> _EXERCISE_
In the material below, pictures must be dropped. Repeat exactly, and only, the lines from the line with "Participants of 1st" to the line with "The Sussex Vampire", both ends included.

> _DATASET EXCERPTS_
###

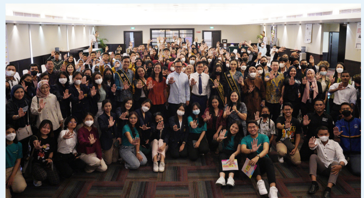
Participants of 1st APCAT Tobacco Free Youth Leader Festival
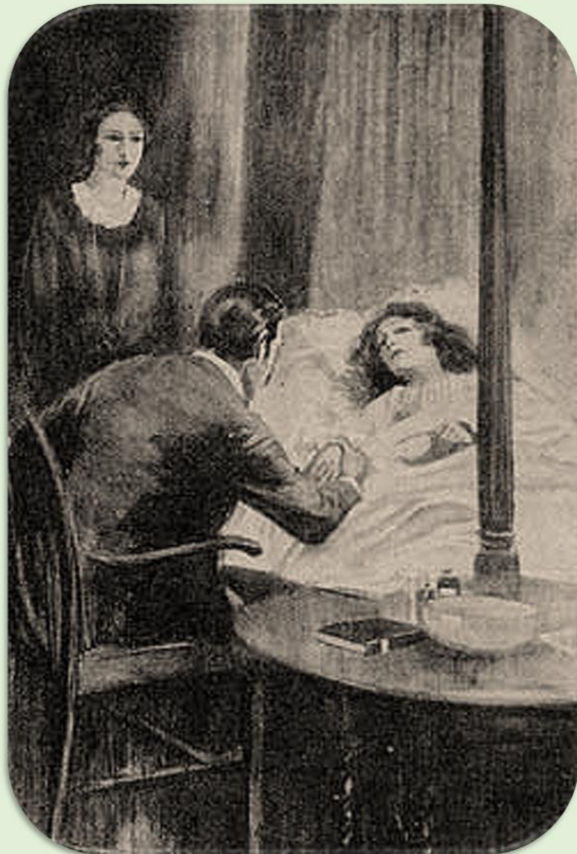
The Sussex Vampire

###

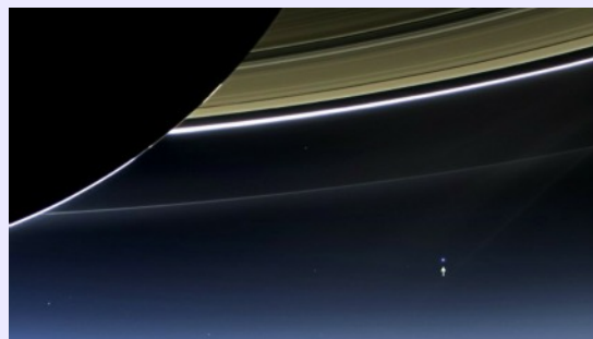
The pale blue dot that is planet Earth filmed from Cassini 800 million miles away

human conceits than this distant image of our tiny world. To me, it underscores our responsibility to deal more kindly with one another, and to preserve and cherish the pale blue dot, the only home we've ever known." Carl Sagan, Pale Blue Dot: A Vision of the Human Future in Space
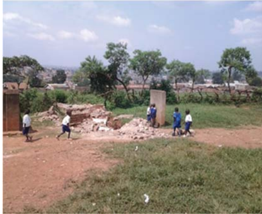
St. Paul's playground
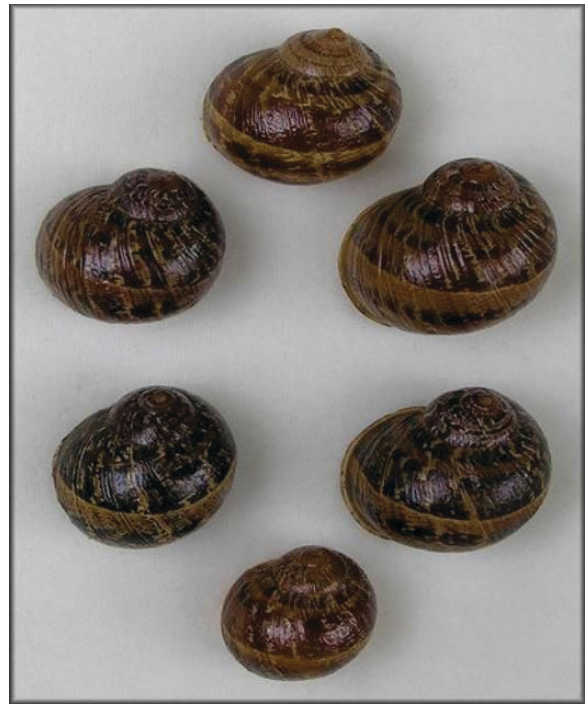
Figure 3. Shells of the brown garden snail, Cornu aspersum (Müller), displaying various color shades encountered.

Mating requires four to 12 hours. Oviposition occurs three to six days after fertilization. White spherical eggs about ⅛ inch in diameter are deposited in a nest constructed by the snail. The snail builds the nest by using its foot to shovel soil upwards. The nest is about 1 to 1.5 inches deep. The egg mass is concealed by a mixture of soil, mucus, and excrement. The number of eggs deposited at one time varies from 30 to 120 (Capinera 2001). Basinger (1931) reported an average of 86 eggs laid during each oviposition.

###

> _THE COMPLETED TASK_
Participants of 1st APCAT Tobacco Free Youth Leader Festival
The Sussex Vampire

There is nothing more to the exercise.